I'm trying to prove the symmetry of mixed partial derivatives in which the following lemma is appealed.
$\textbf{Lemma:}$ Let $X$ be open in $\mathbb R^n$, $f:X \to F$, and $m \in \mathbb N$. We $h \in \mathbb R$ and $j \in \{1,\ldots,n\}$, we define a map $\Delta_j^h f$ by $$\Delta_j^h f: X \to F, \quad x \mapsto f(x+he_j)-f(x)$$
Suppose $j_1, j_2, \ldots, j_m \in\{1,\ldots,n\}$ and $\sigma$ is a permutation of $\{1, \ldots, m\}$. Then $$ \Delta_{j_1}^{h_1} \Delta_{j_2}^{h_2} \cdots\Delta_{j_m}^{h_m} f (a) = \Delta_{j_{\sigma(1)}}^{h_{\sigma(1)}} \Delta_{j_{\sigma(2)}}^{h_{\sigma(2)}} \cdots\Delta_{j_{\sigma(m)}}^{h_{\sigma(m)}} f (a)$$
Could you please verify if my proof looks fine or contains logical gaps/errors?
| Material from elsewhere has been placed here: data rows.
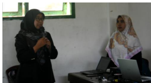
Gambar 2. Pelatihan Pembuaan Konten WEB

bahan ajar berupa LKPD yang sesuai dengan literasi digital, pentingnya media pembelajaran disandingkan dengan LKPD, manfaat media pembelajaran kvisoft flipbook maker, membuat LKPD dengan aplikasi kvisoft flipbook maker.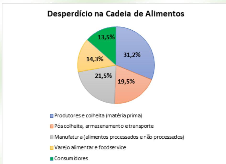
Figura 1. Percentual de desperdício de alimentos na cadeia de produção e abastecimento.

A primeira questão analisada foi o desperdício na cadeia de alimentos, onde verificou-se as seguintes etapas do processo: Produtores e colheita (matéria prima); pós-colheita, armazenamento e transporte; manufatura (alimentos processados e não processados); Varejo alimentar e food service; e consumidores. Na Figura 1, pode-se observar que 31,2 % do desperdício de alimentos ocorre na primeira etapa da cadeia de produção e abastecimento, a saber: produtores e colheita. Sendo necessário melhorar e investir nas práticas agrícolas.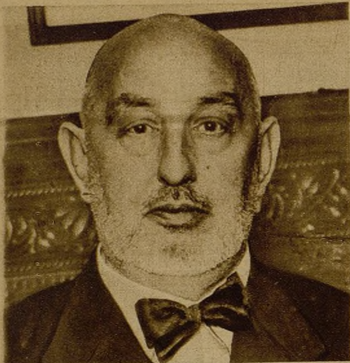
Don Angel Ossorio y Gallardo, nuevo embajador de España en Francia

Thank you so much for your help!
$\textbf{My attempt:}$
Because every permutation is a product of adjacent transpositions, it suffices to prove that $$\Delta_{j_1}^{h_1} \Delta_{j_2}^{h_2} f (a) = \Delta_{j_2}^{h_2} \Delta_{j_1}^{h_1} f (a)$$
We have $$\begin{aligned} \Delta_{j_1}^{h_1} \Delta_{j_2}^{h_2} f (a)& = \Delta_{j_1}^{h_1} \left ( f(a+h_2 e_{j_2})-f(a) \right)\\ &= \Delta_{j_1}^{h_1} f(a+h_2 e_{j_2}) - \Delta_{j_1}^{h_1} f(a) \\ &= (f(a+h_2 e_{j_2} + h_1 e_{j_1})- f(a+h_2 e_{j_2})) - ( f(a+h_1 e_{j_1} ) - f(a)) \\ &= f(a+h_2 e_{j_2} + h_1 e_{j_1})- f(a+h_2 e_{j_2}) - f(a+h_1 e_{j_1} ) + f(a)\end{aligned}$$ and $$\begin{aligned} \Delta_{j_2}^{h_2} \Delta_{j_1}^{h_1} f (a)& = \Delta_{j_2}^{h_2} \left ( f(a+h_1 e_{j_1})-f(a) \right)\\ &= \Delta_{j_2}^{h_2} f(a+h_1 e_{j_1}) - \Delta_{j_2}^{h_2} f(a) \\ &= (f(a+ h_1 e_{j_1}+h_2 e_{j_2} )- f(a+h_1 e_{j_1})) - ( f(a+h_2 e_{j_2} ) - f(a)) \\ &= f(a + h_1 e_{j_1}+h_2 e_{j_2})- f(a+h_1 e_{j_1}) - f(a+h_2 e_{j_2} ) + f(a)\end{aligned}$$
Hence the expansions of $\Delta_{j_1}^{h_1} \Delta_{j_2}^{h_2} f (a)$ and $\Delta_{j_2}^{h_2} \Delta_{j_1}^{h_1} f (a)$ are identical. Thus $\Delta_{j_1}^{h_1} \Delta_{j_2}^{h_2} f (a) = \Delta_{j_2}^{h_2} \Delta_{j_1}^{h_1} f (a)$. This completes the proof.